* Directions: Your answer must be the records below, given again exactly, with no pictures in it.
# # # # #
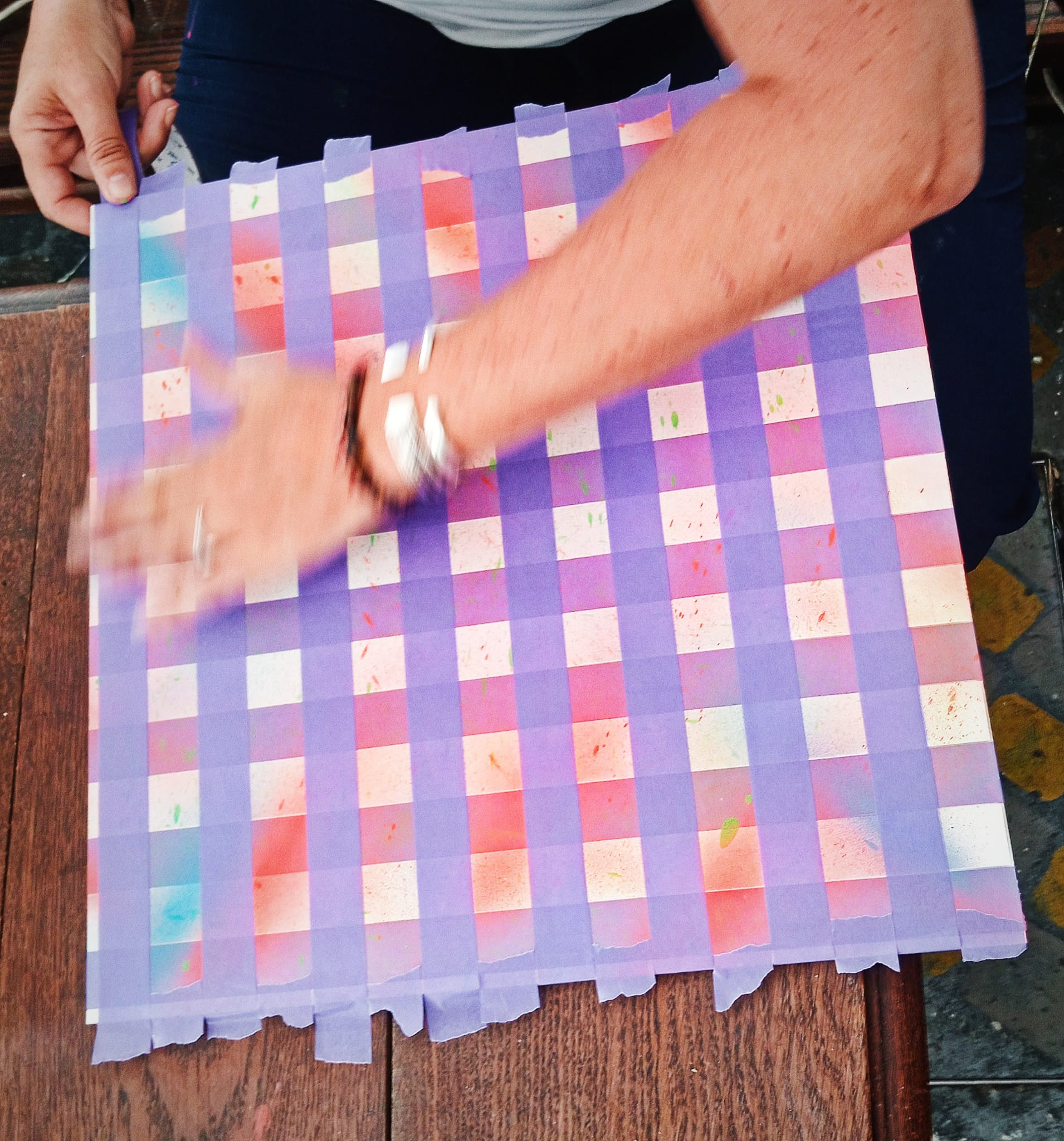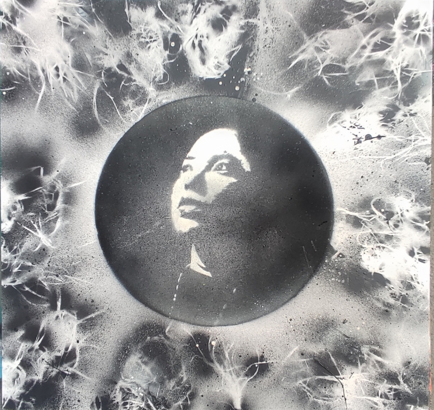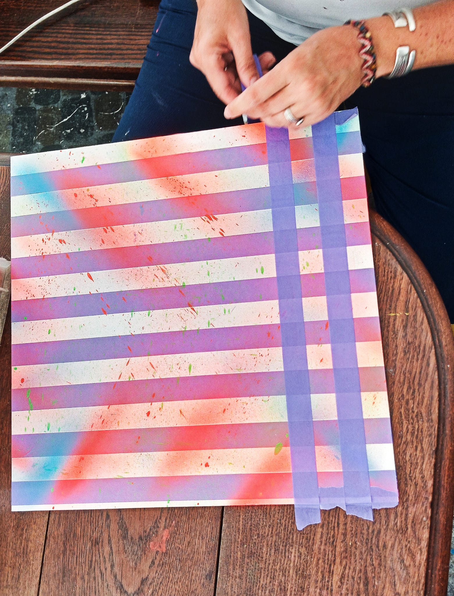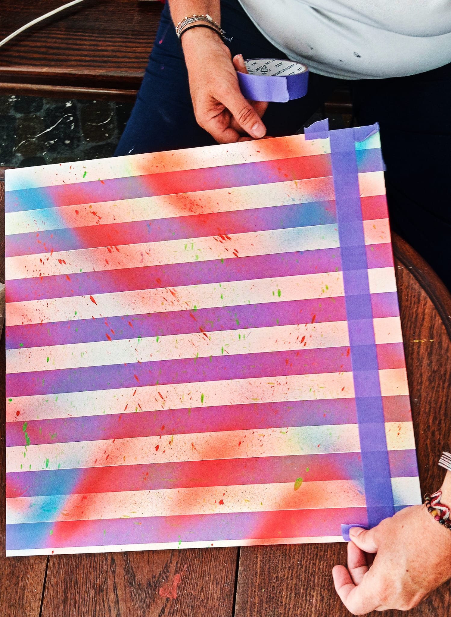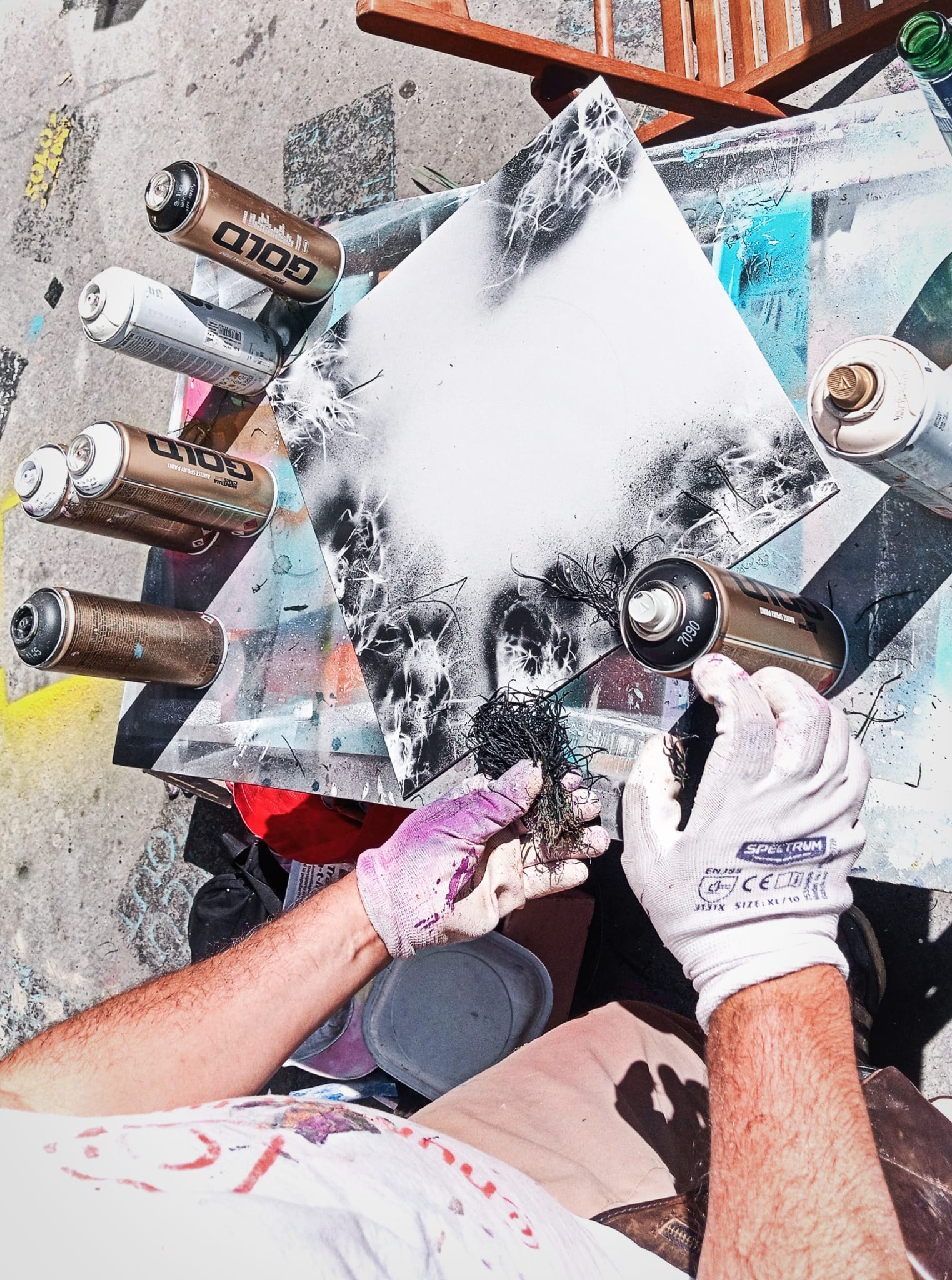 Les fonds végétaux, les sphères légères et les dégradés colorés caractéristiques de leur univers se sont déployés sur les supports donnés pour l’exposition collective Stencil 2025, transformant cette journée en un moment de création collective et de lien humain.
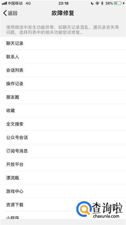 通过以上操作,我们就成功进入微信的故障修复界面了。
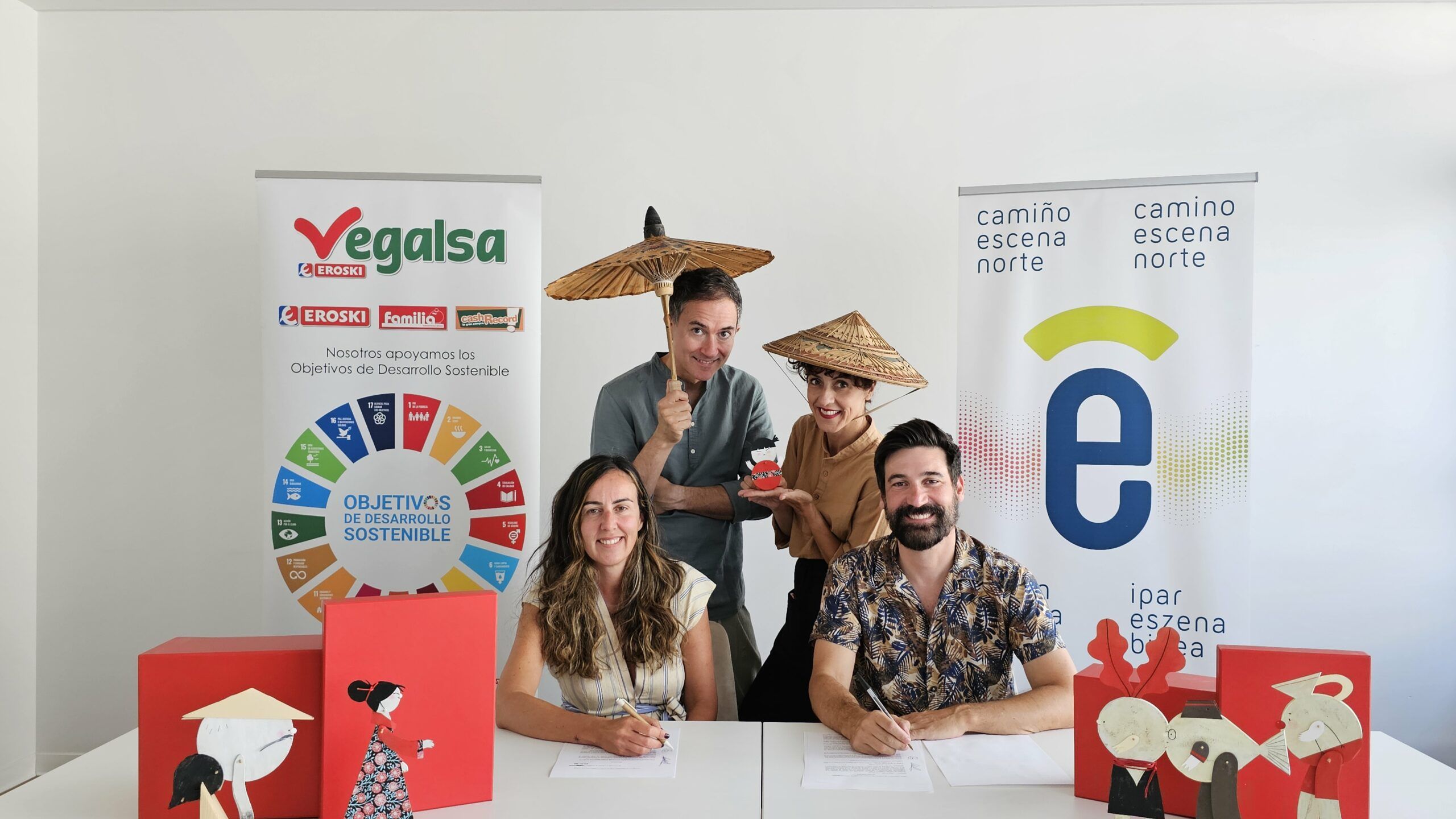 En la firma del acuerdo estuvieron presentes la directora de Sostenibilidad y Comunicación de Vegalsa-Eroski, Gabriela González; el coordinador de Camino Escena Norte, Diego V. Meizoso, gerente también de Escena Galega, la asociación promotora del proyecto en Galicia; y el representante de la Junta Directiva de Escena Galega, Gustavo del Río. El encuentro contó con parte del elenco de la compañía Pérez & Fernández, una de las tres compañías gallegas que participará este año con su montaje Nanay da China.
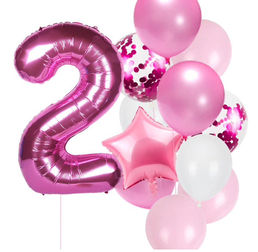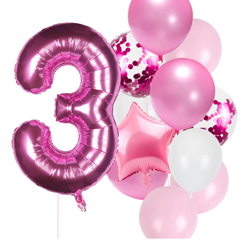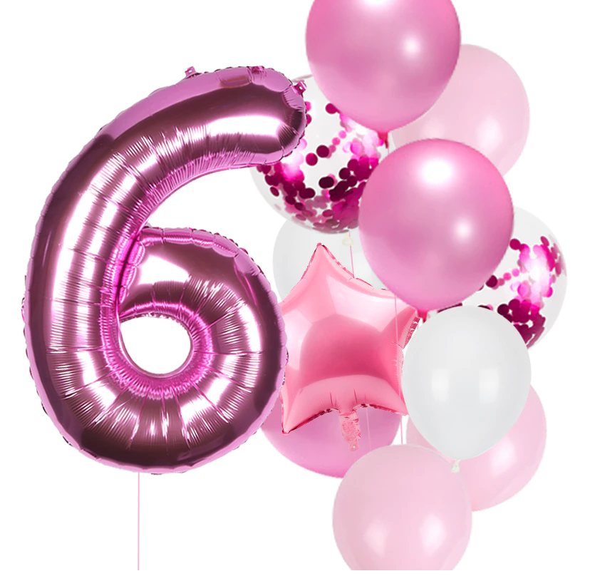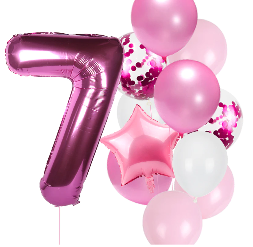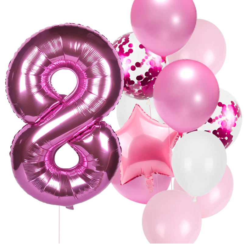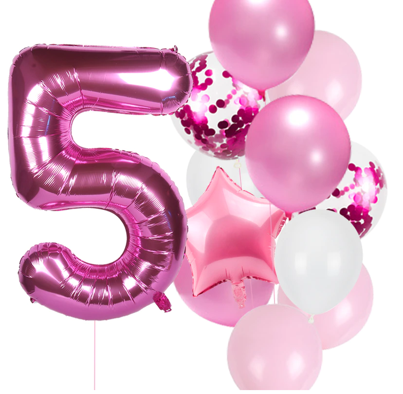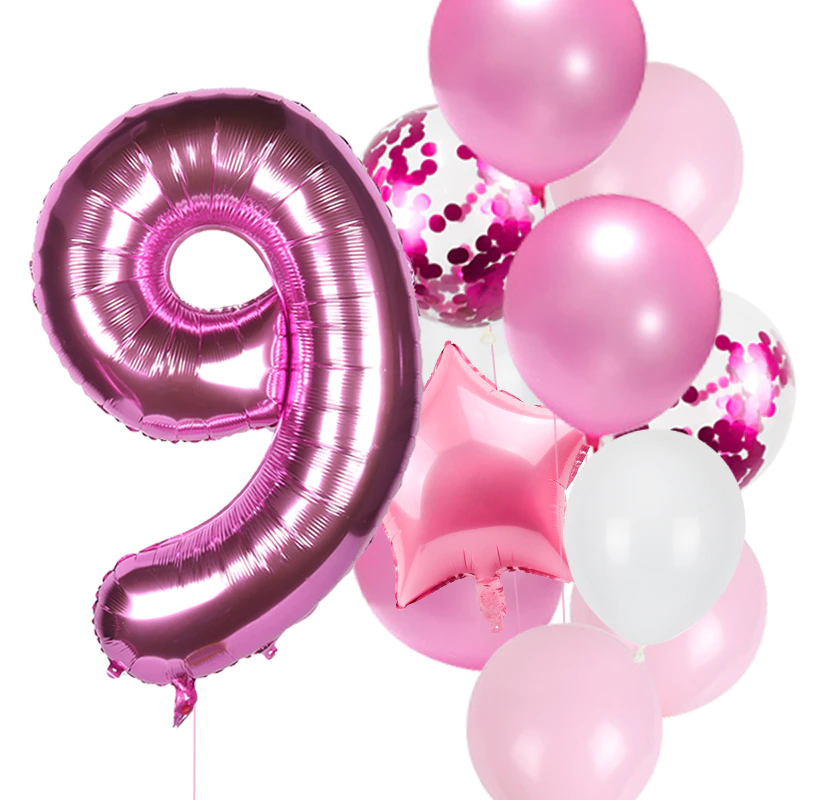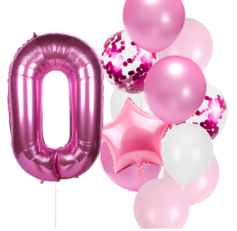 Balony na urodziny dziewczynki Zestaw balonów różowe z cyfrą fuksja 0-9 Hel
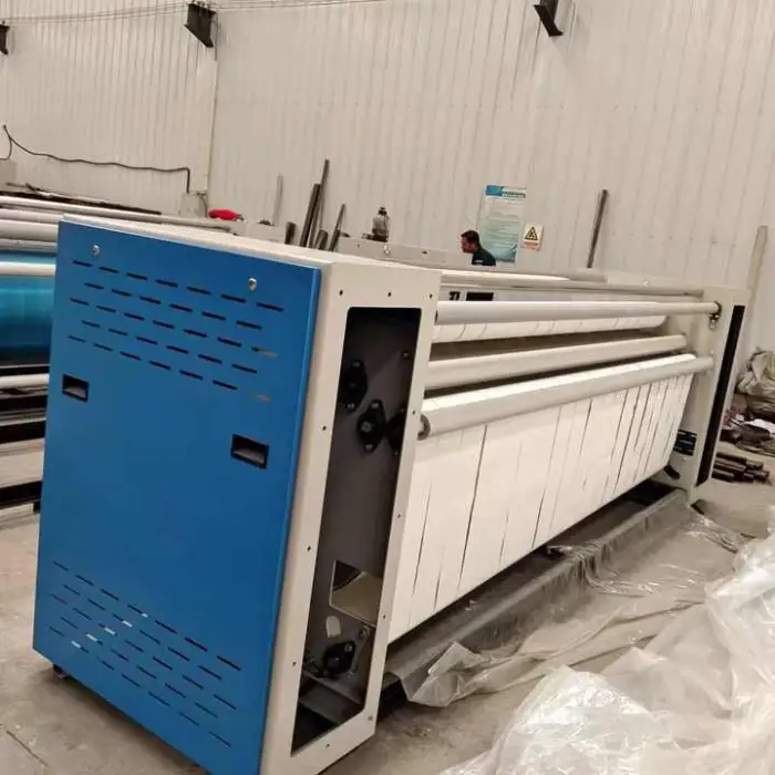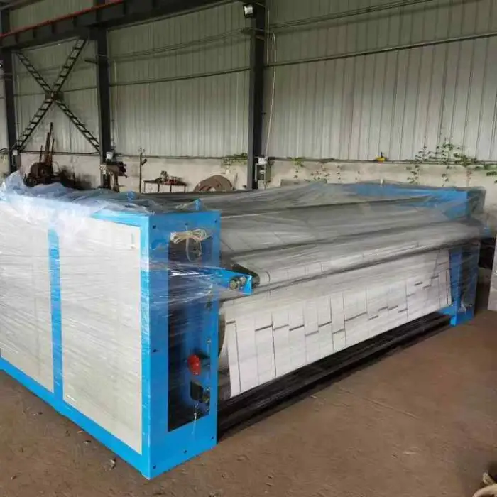This is a large commercial/industrial flatwork steam ironer designed to press and finish large textile items (sheets, tablecloths, linens) quickly and efficiently for commercial laundries, hotels, hospitals and similar operations.
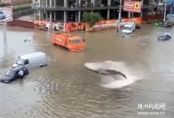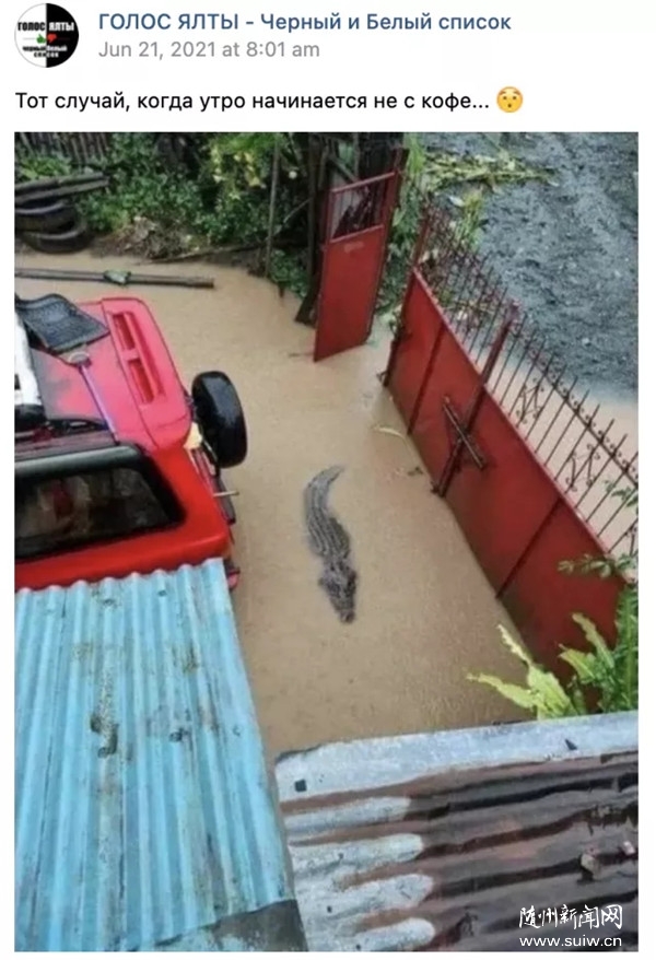 20日夜间,除了“郑州海洋馆的鲨鱼跑出来了”的视频在网上流传外,还流传着“鳄鱼也从海洋馆出来了”的说法,也配了一条视频,画面显示一条鳄鱼正咬着一具疑似女性的尸体。
# # # # #
* Answer box:
 Les fonds végétaux, les sphères légères et les dégradés colorés caractéristiques de leur univers se sont déployés sur les supports donnés pour l’exposition collective Stencil 2025, transformant cette journée en un moment de création collective et de lien humain.
 通过以上操作,我们就成功进入微信的故障修复界面了。
 En la firma del acuerdo estuvieron presentes la directora de Sostenibilidad y Comunicación de Vegalsa-Eroski, Gabriela González; el coordinador de Camino Escena Norte, Diego V. Meizoso, gerente también de Escena Galega, la asociación promotora del proyecto en Galicia; y el representante de la Junta Directiva de Escena Galega, Gustavo del Río. El encuentro contó con parte del elenco de la compañía Pérez & Fernández, una de las tres compañías gallegas que participará este año con su montaje Nanay da China.
 Balony na urodziny dziewczynki Zestaw balonów różowe z cyfrą fuksja 0-9 Hel
This is a large commercial/industrial flatwork steam ironer designed to press and finish large textile items (sheets, tablecloths, linens) quickly and efficiently for commercial laundries, hotels, hospitals and similar operations.
 20日夜间,除了“郑州海洋馆的鲨鱼跑出来了”的视频在网上流传外,还流传着“鳄鱼也从海洋馆出来了”的说法,也配了一条视频,画面显示一条鳄鱼正咬着一具疑似女性的尸体。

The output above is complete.